Oh boy am I ever behind on my #blogtober daily blog challenge. Maybe I’ll try again in December.
Here’s what we’ve been up to.
- We went to the pumpkin patch with our donor’s family. The kids all played together and the adults had a great time catching up. We still feel so lucky at how our relationship with our donor turned out.
- We carved pumpkins and Avery was so into it. She loves crafty things, and helped us design and draw the pumpkin faces, she washed and dried the pumpkins with care, and just sat quietly watching while we did the cutting.
- We had our first overnight away from Avery. We got a hotel at a resort near my mom’s farm and my mom took care of Avery while my wife and I got away for our 10 year dating anniversary.
- My wife is away on her first business trip since Avery was born. It’s just two days and she put her foot down and demanded to be home for Halloween. Family first. She was so sad to be leaving us for just two days. Avery cried when she realized her Mo wasn’t here this morning (she left at 4am to catch her flight).
- I finished Avery’s Halloween costume. She requested to dress up as a cat. We are raising a tiny cat person. I’m proud.
I was going into this baby #2 thing a little reluctantly. I still felt overwhelmed by my first year and a half as a mother and couldn’t imagine doing it all over again. I was totally content with my one, perfect child. But my wife wanted another baby, and I wanted to give that to her. I knew I would love another baby and wouldn’t regret it, but I also knew it would be HARD.

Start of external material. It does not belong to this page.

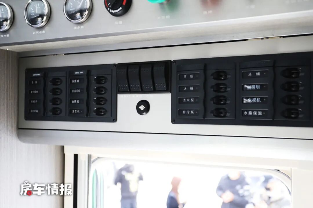 最后看一下全车的水电系统,电路上,这款房车搭载了一台5000W的逆变充电一体机,提供1200Ah的磷酸铁锂电池组,配备600W太阳能电池板,并搭载了全自动大功率混合供电系统和全自动智能电力管理系统,车身外部提供市电接口,内部提供LED灯,并配有电流监控器。
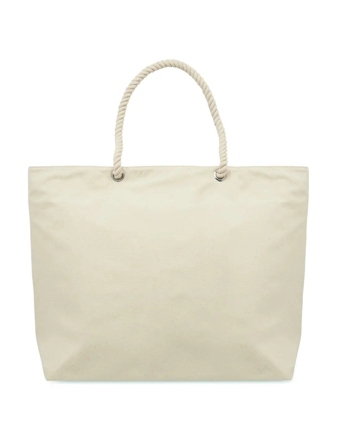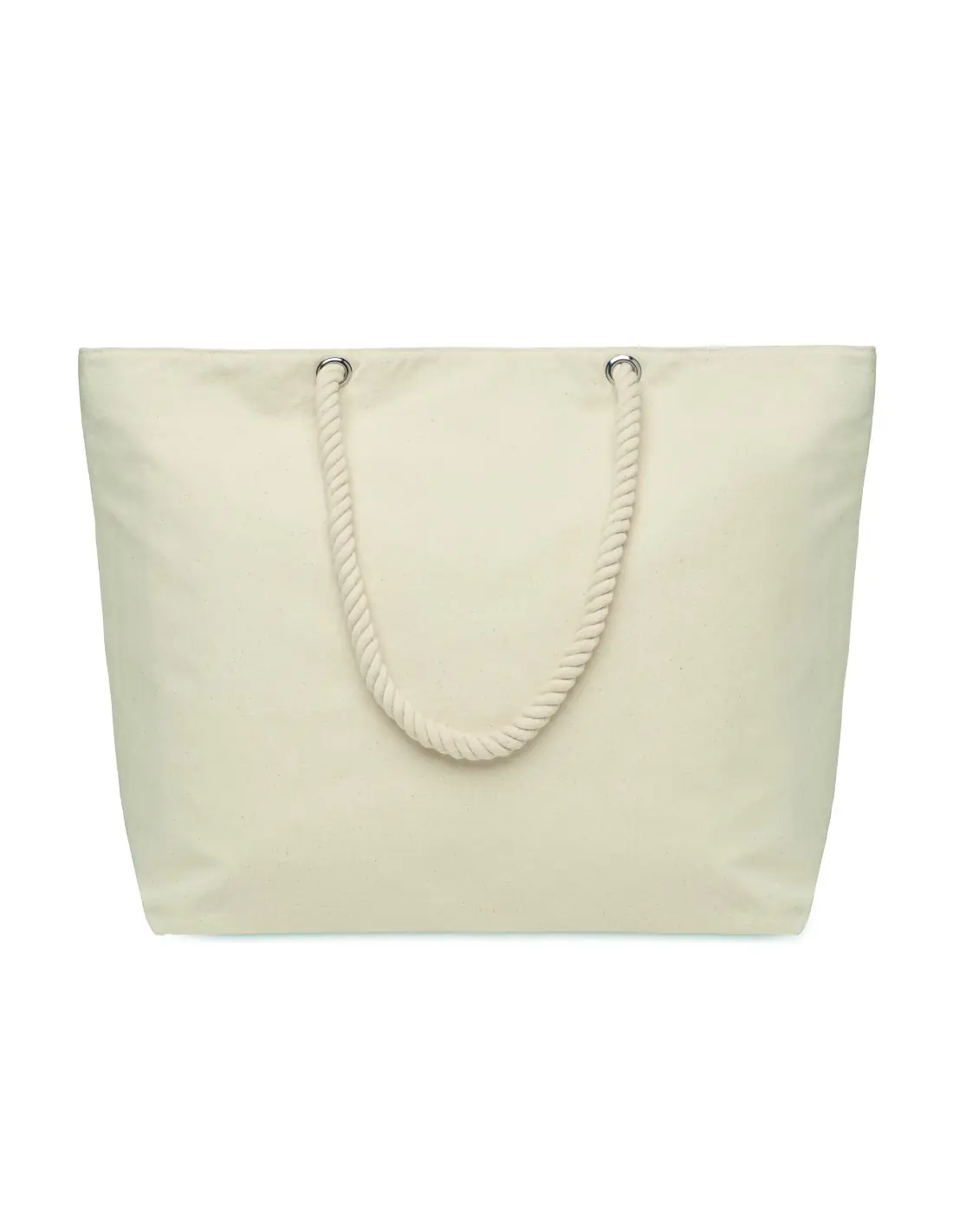 Bolsa nevera de playa de algodón con cremallera y asa de cuerda. 220 gr/m². Aislamiento de aluminio laminado de 2 mm.

But then I weaned my toddler from breastfeeding and suddenly I find myself CRAVING a baby again. It’s amazing what hormone changes can do to your mindset.
We’re still pretty distant from starting the process. My wife is going to give me the signal when she’s ready for an IVF consultation. We have talked about which clinic to use, but haven’t chosen one yet. When we do finally get that consultation appointment, we would move ahead with the process (because IVF is government funded in Ontario (so thankful), there’s a wait list and we’d want to get on that list pronto). However, there’s also a chance the the consultation will scare my wife off of reciprocal IVF altogether, in which case we’d wait a while and do things the way we did to make Avery – at home. It’s still all very much up in the air as to when we start and what method we’ll use. We haven’t even spoken to our donor about it.
I can feel myself getting antcy now. It all feels so familiar…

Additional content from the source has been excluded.